Collected data entries
- Opening Delimiter -

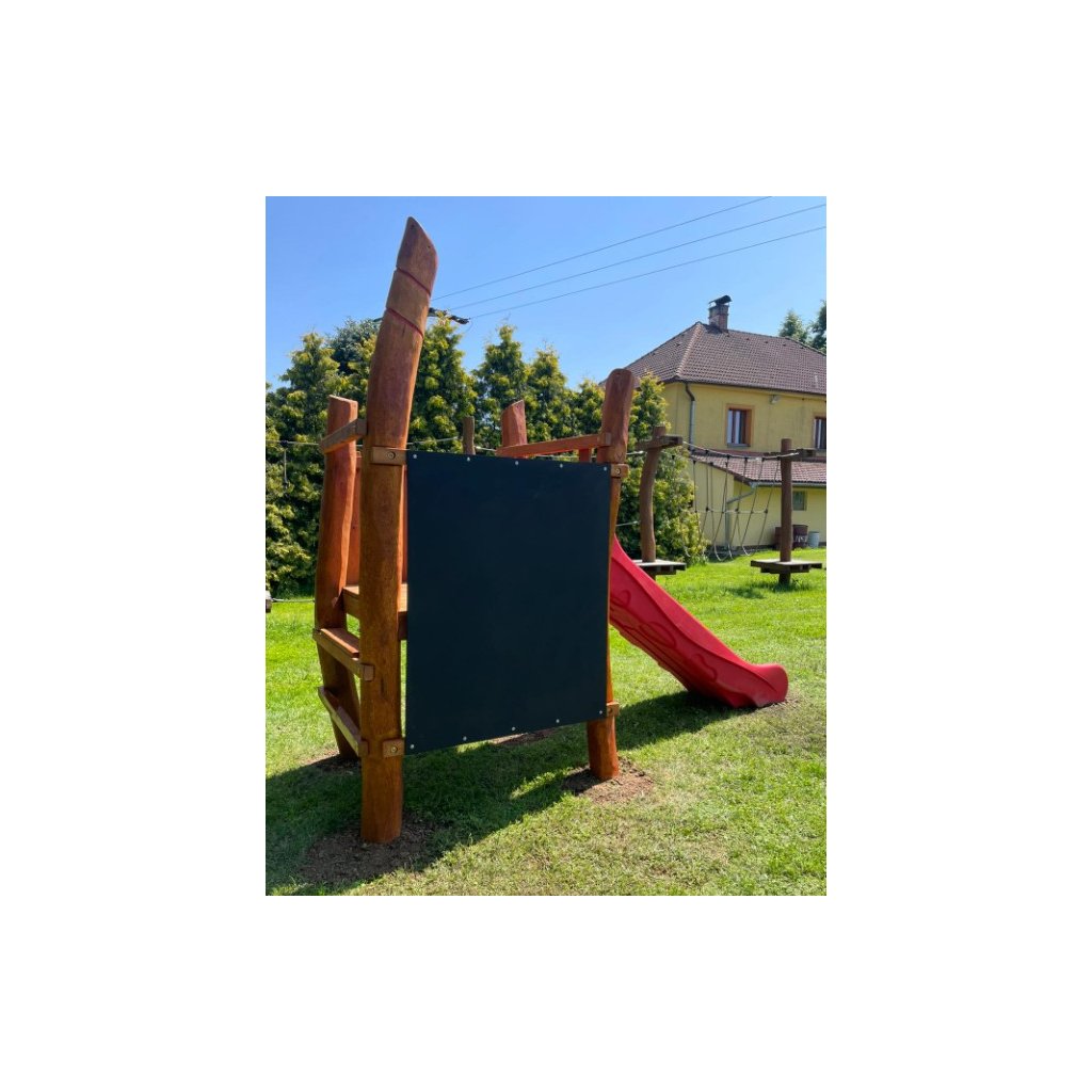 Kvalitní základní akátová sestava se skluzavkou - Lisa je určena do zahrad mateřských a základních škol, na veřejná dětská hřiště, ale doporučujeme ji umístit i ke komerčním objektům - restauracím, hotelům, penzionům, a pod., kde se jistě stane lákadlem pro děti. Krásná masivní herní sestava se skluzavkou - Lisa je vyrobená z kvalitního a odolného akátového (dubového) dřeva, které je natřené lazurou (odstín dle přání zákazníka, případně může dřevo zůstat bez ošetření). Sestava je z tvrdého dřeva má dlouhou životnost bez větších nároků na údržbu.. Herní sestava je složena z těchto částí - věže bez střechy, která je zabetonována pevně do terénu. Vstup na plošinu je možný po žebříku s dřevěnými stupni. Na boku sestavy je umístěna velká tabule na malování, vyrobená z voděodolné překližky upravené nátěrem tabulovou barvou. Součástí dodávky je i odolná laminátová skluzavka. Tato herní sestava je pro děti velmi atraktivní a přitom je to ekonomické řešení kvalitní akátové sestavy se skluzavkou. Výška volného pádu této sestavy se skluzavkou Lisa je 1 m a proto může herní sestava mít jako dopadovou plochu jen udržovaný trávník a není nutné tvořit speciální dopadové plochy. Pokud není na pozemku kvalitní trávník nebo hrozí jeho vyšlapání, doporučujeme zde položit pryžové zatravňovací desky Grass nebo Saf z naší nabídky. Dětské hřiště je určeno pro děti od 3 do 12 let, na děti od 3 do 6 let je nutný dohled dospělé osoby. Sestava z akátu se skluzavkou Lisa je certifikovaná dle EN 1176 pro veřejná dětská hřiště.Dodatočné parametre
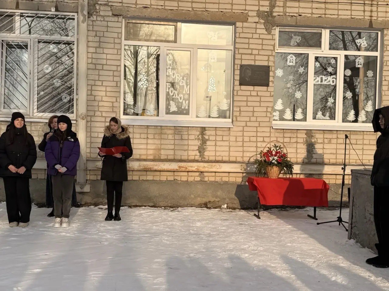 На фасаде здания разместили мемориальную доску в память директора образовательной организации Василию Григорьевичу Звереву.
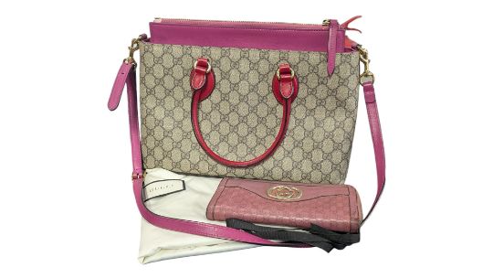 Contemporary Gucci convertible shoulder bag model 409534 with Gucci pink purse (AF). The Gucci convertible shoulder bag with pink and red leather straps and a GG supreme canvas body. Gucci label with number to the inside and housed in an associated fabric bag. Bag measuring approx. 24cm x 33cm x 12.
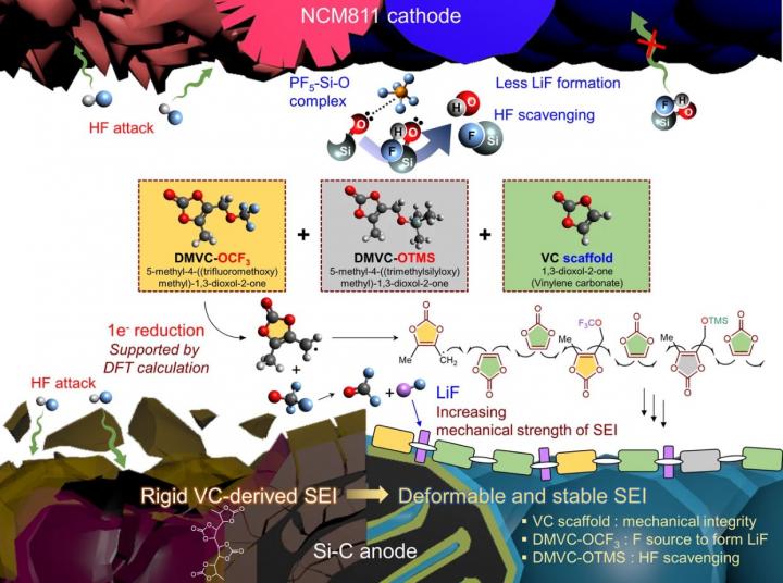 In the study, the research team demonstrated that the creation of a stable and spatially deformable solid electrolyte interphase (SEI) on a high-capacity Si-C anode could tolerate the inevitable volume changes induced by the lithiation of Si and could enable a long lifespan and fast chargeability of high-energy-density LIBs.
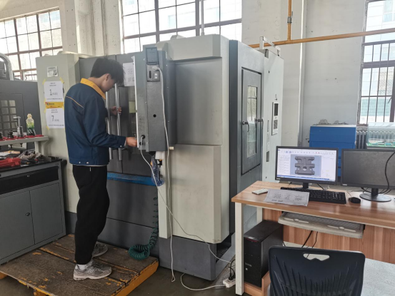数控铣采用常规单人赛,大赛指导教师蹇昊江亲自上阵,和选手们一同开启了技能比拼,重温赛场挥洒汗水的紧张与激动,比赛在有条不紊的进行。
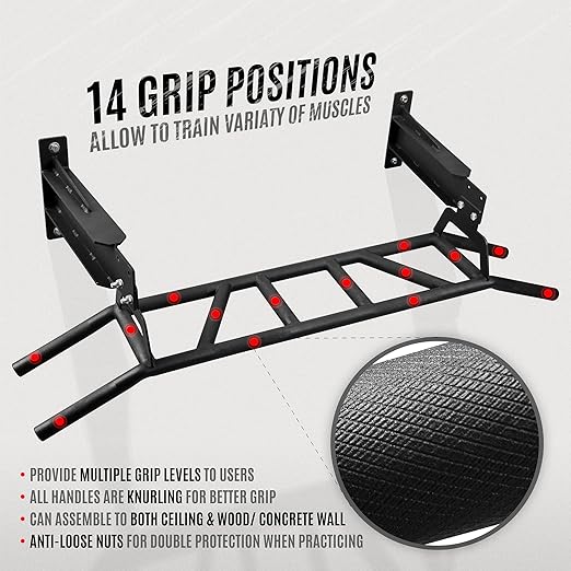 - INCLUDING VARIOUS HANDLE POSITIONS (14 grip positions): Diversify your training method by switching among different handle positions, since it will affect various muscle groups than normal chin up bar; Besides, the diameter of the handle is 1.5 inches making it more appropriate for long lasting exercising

- Closing Delimiter -

_Exercise prompt_
Reproduce, with no pictures, the lines from the one containing "数控铣采用常规单人赛,大赛指" to the end of the records above, exactly and inclusively.

_Expected answer_
数控铣采用常规单人赛,大赛指导教师蹇昊江亲自上阵,和选手们一同开启了技能比拼,重温赛场挥洒汗水的紧张与激动,比赛在有条不紊的进行。
 - INCLUDING VARIOUS HANDLE POSITIONS (14 grip positions): Diversify your training method by switching among different handle positions, since it will affect various muscle groups than normal chin up bar; Besides, the diameter of the handle is 1.5 inches making it more appropriate for long lasting exercising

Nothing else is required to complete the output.